Location and appearance of forests dominated by Pakaraimaea dipterocarpacea.

Map (left) showing the central Pakaraima Mountain region of western Guyana including the Upper Potaro and Mazaruni River Basins. The tallest mountain in Guyana, (Mt. Ayanganna, 2041 m) is indicated by an X. This study was conducted in Pakaraimaea dipterocarpacea-Dicymbe jenmanii stands at 800 m elevation at the edge of the Pegaima savanna, with location indicated by A. The approximate extent and location of the savanna ecosystem is shown with a black polygon; the rest of the map area is forested. The locations of other study plots in closed-canopy Dicymbe rainforests at ∼800 m elevation along the Potaro river are indicated by B (Henkel et al. [25]) and C (Smith et al. [9]). The center photo shows an ecotone of savanna with fringing forest dominated by Pakaraimaea dipterocarpacea, Pegaima savanna, Upper Mazaruni Basin, Guyana. The photo on the right shows an individual tree of Pakaraimaea dipterocarpacea measuring 212 cm diameter at breast height.

Location and appearance of forests dominated by Pakaraimaea dipterocarpacea.

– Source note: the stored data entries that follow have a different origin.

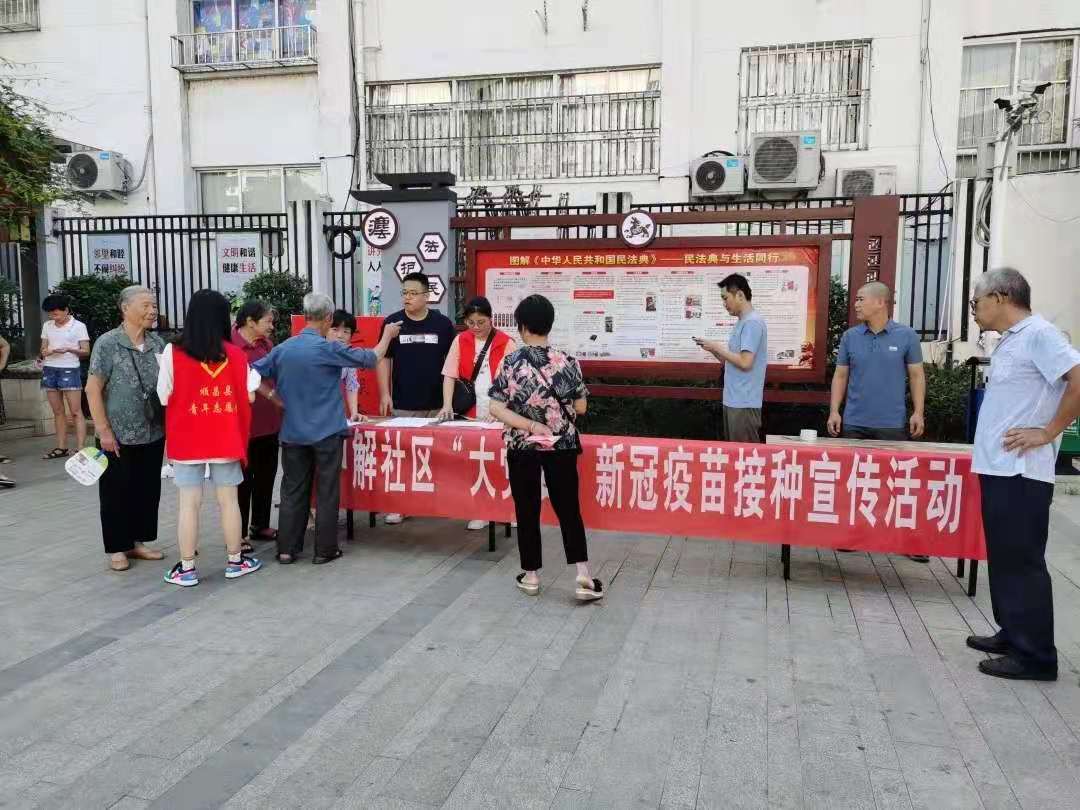 志愿者助力雙溪街道中解社區(qū)疫苗接種宣傳工作(圖:林煒)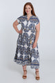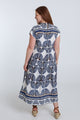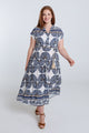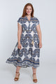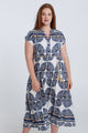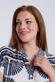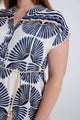 Langarmkleid aus bedruckter Viskose mit Blattmuster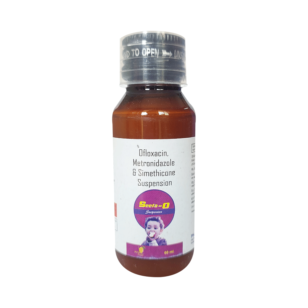 Seefa-O Oral Suspension Mango is a combination of three active ingredients. While two of its ingredients, namely ofloxacin and metronidazole are antibiotics, simethicone is a gas-absorbing agent that improves gastric tolerability of the combination. The antibiotic ingredients interfere with the genetic material of bacteria by impairing its DNA. This kills the infection-causing bacteria, preventing its growth and stopping the infection. On the other hand, Simethicone binds with the gas bubbles produced as a result of the other two ingredients or as a result of some other problem. By doing so, it aids in the removal of gases and provides relief in stomach pain and bloating.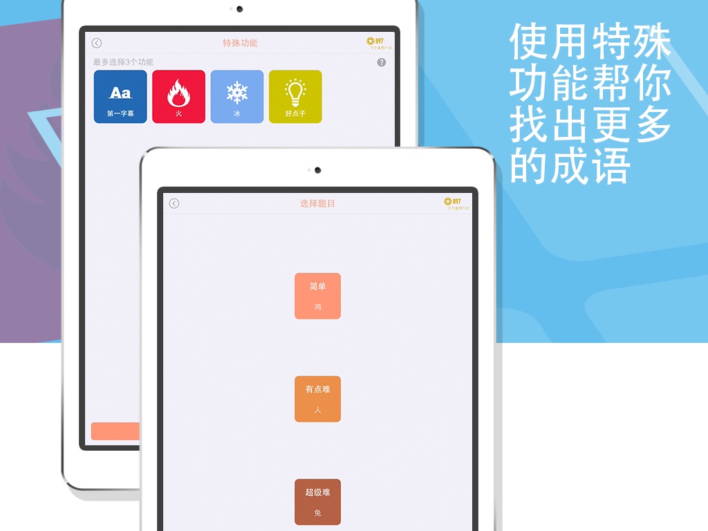 三种不同难度任你选择,运用各种有趣的特殊功能帮你找出更多的成语。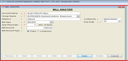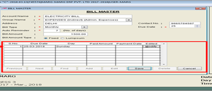 उपयोगकर्ता बिल मास्टर विंडो में आवश्यकतानुसार संपादन या संशोधन भी कर सकता है ।

Map (left) showing the central Pakaraima Mountain region of western Guyana including the Upper Potaro and Mazaruni River Basins. The tallest mountain in Guyana, (Mt. Ayanganna, 2041 m) is indicated by an X. This study was conducted in Pakaraimaea dipterocarpacea-Dicymbe jenmanii stands at 800 m elevation at the edge of the Pegaima savanna, with location indicated by A. The approximate extent and location of the savanna ecosystem is shown with a black polygon; the rest of the map area is forested. The locations of other study plots in closed-canopy Dicymbe rainforests at ∼800 m elevation along the Potaro river are indicated by B (Henkel et al. [25]) and C (Smith et al. [9]). The center photo shows an ecotone of savanna with fringing forest dominated by Pakaraimaea dipterocarpacea, Pegaima savanna, Upper Mazaruni Basin, Guyana. The photo on the right shows an individual tree of Pakaraimaea dipterocarpacea measuring 212 cm diameter at breast height. We initially examined fertile collections of P. dipterocarpacea to determine which of the two subspecies was present. Several publications have documented the distribution and growth habit of the two subspecies in the seasonally dry areas of the Pakaraima range of Guyana and throughout the Caroni River Basin of Venezuela [11] and references therein]. Plant identification was based on leaf and petal morphology; P. dipterocarpacea ssp. dipterocarpacea (Guyana) has shorter leaves and glabrous petals whereas ssp. nitidum (Venezuela) has longer leaves and pubescent petals [30]. Fertile plant voucher specimens were photographed in the field and deposited in the BRG (Guyana), US, and HSU herbaria. At the Pegaima site, P. dipterocarpacea dominates the fringing forests, composing >50 percent of the basal area and upper canopy area, with most individuals exhibiting multiple, co-dominant canopy stems and numerous sprout shoots of various sizes (Henkel, unpublished data). Previous reports suggested that P. dipterocarpacea is usually encountered as a small, shrubby tree and that large emergent individuals are rare [31]. However, at Pegaima individual trees of P. dipterocarpacea regularly reach 15–20 m in height and 100–200 cm diameter at breast height (dbh). Consistent with previous observations, the forest floor in stands dominated by P. dipterocarpacea at Pegaima were covered by a 10–20 cm thick litter layer [11].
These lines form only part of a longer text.